Think of Sed as a Turing machine that can only move forward, not backward (although sed does have a hold buffer that addresses this problem). For more complex tasks that require the full power of a Turing complete language, a Ruby or Python script would probably make more sense. However in most cases, Sed can generate clean and concise solutions. Sure, a lot of this text editing functionality can be done manually via find and replace. However, automating things makes life easier. Laziness is a virtue. By storing all my sed commands in a file, I can automate the editing process. This lets me easily tweak the commands and rerun them at my convenience.

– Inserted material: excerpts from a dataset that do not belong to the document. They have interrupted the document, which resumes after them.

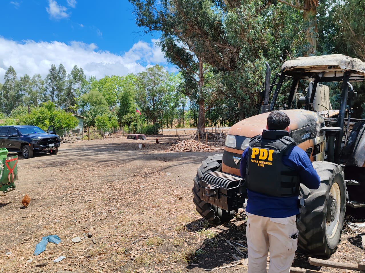 Detectives de la Brigada de Investigaciones Policiales Especiales y Antisecuestros Angol, BIPE, junto con el Laboratorio de Criminalística Cobertura Sur (LACRIM), concurrieron al Fundo Rinconada de la comuna de Los Sauces para desarrollar diligencias investigativas a fin de esclarecer la quema de un tractor agrícola, una maquina enfardadora y una cortadora de pasto, las cuales resultaron totalmente siniestradas producto del fuego.
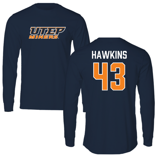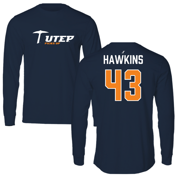 University of Texas at El Paso Football Navy Long Sleeve - #43 Garrett Hawkins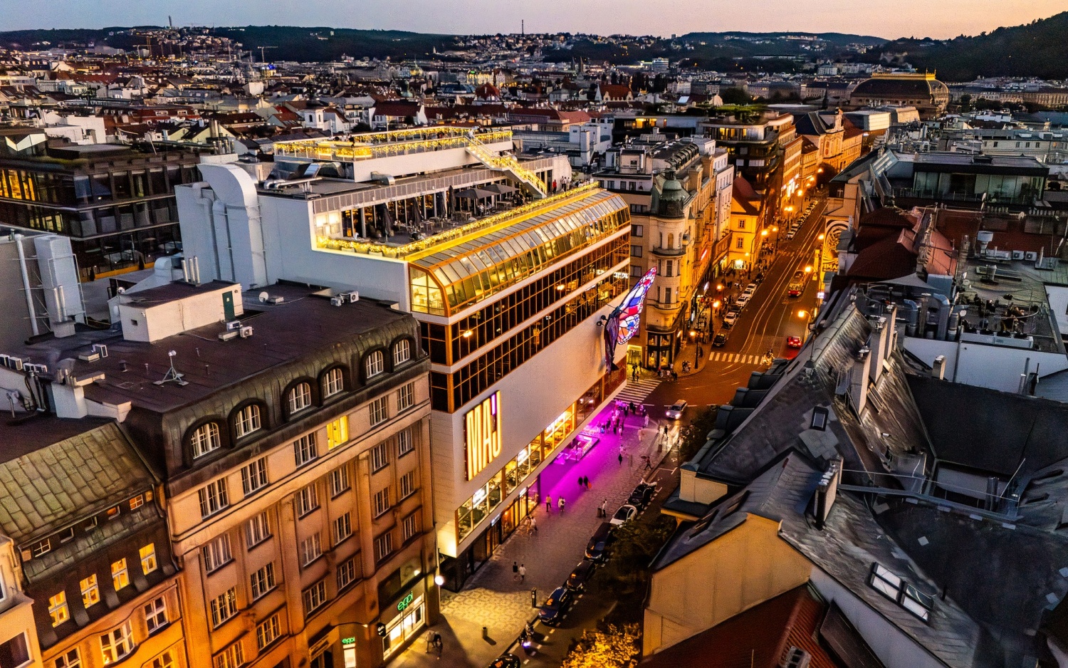 Máj – House of Fun na rohu Národní a Spálené patří k nepřehlédnutelným ikonám české architektury 70. let. Budova, kterou zná téměř každý Pražan i návštěvník centra města, prošla rozsáhlou rekonstrukcí a v červnu 2024 se znovu otevřela v novém kabátě jako moderní obchodně-zábavní destinace.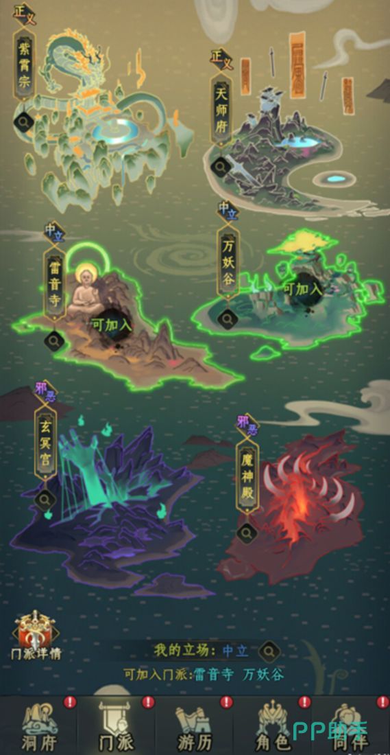 一起来修仙是一部古风类型的放置游戏,在这个游戏中玩家们可以自由加入门派来学习武林绝学,下面就给大家来讲讲一起来修仙门派选择的具体介绍,不清楚的小伙伴快点一起来康康吧。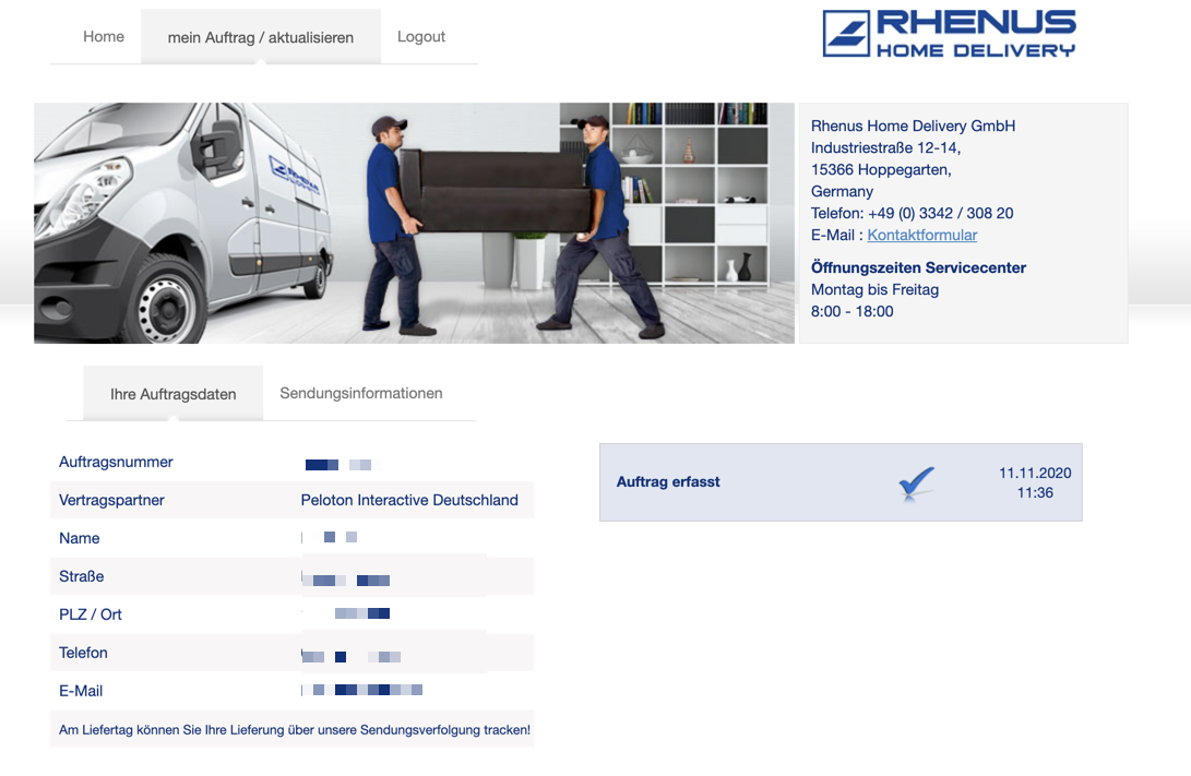 Peloton Lieferung über Rhenus / Status prüfen

In order to accomplish the text transform that I wanted, I first copied and pasted the case statement into a separate text file. This would help simplify my sed commands; I wouldn’t need to worry about parsing out the rest of the asp file, which was quite large. After doing so, I began the task of coming up with the list of sed commands that I would need. First on the list: delete unwanted lines. Since I only cared about the case statement and the logo URLs, everything else would need to be removed. Sed provides a handy delete command that does exactly this. “d” tells sed to delete any line that matches the given preceding pattern (denoted by a leading and trailing “/”). The regex syntax here should be familiar to those who use javascript or perl:

/select case companyName/d
/loginSplashScreenURL/d
/bannerURL/d
/^\s*$/d

The first line deletes the select case statement. The next two lines delete the bannerURL and loginSplashScreenURL assignment statements. The last line deletes all whitespace lines. “^” and “$” mean start of line and end of line in regex, and “\s” matches any whitespace character. Put another way, the statement basically means: “delete any line where only whitespace exists between start and end of the line”.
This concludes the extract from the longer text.